Catholic Women and the American Civil War
Catholic Women & the American Civil War
Between 1861 and 1865, approximately 640 women from twenty-one different religious communities volunteered their nursing services. Mary Livermore, a women's rights leader who worked with the U.S. Sanitary Commission, recalled:
I am neither a Catholic, nor an advocate of the monastic institutions of that church . . . But I can never forget my experience during the War of the Rebellion . . . Never did I meet these Catholic sisters in hospitals, on transports, or hospital steamers, without observing their devotion, faithfulness, and unobtrusiveness. They gave themselves no airs of superiority or holiness, shirked no duty, sought no easy place, bred no mischiefs. Sick and wounded men watched for their entrance into the wards at morning, and looked a regretful farewell when they departed at night.

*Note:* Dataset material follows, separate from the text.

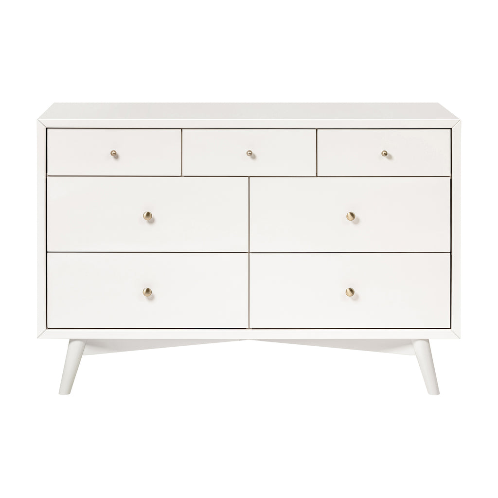 Enhance your child’s bedroom with the Palma 7-Drawer Double Dresser from Babyletto, featuring a sophisticated mid-century design. This elegant piece is defined by its tapered legs, brushed metal hardware, and whisper-quiet drawers that glide open effortlessly. With three smaller top drawers and four spacious lower drawers, it provides ample storage for your little one’s daily essentials. Combining style, functionality, and timeless appeal, the Palma Dresser helps keep your space organized and beautifully clutter-free.

From: Livermore, Mary. What Shall We Do With Our Daughters: Superflous Women and Other Lectures. Boston: Lee & Shepard, 1883: 177. Full text available in the HathiTrust database.
The Daughters of Charity, known as the “angels of the battlefield,” were among the American Civil War’s most renowned nurses. More importantly, the Daughters were already technically trained medical workers at a time when most nurses could barely administer more than cloth bandages. On September 17, 1862, the Maryland authorities petitioned the help of the Sisters at St. Joseph's of Emmitsburg. The Sisters ventured onto the battlefield where they risked open fire and unexploded bombshells to recover the wounded and sick of both armies.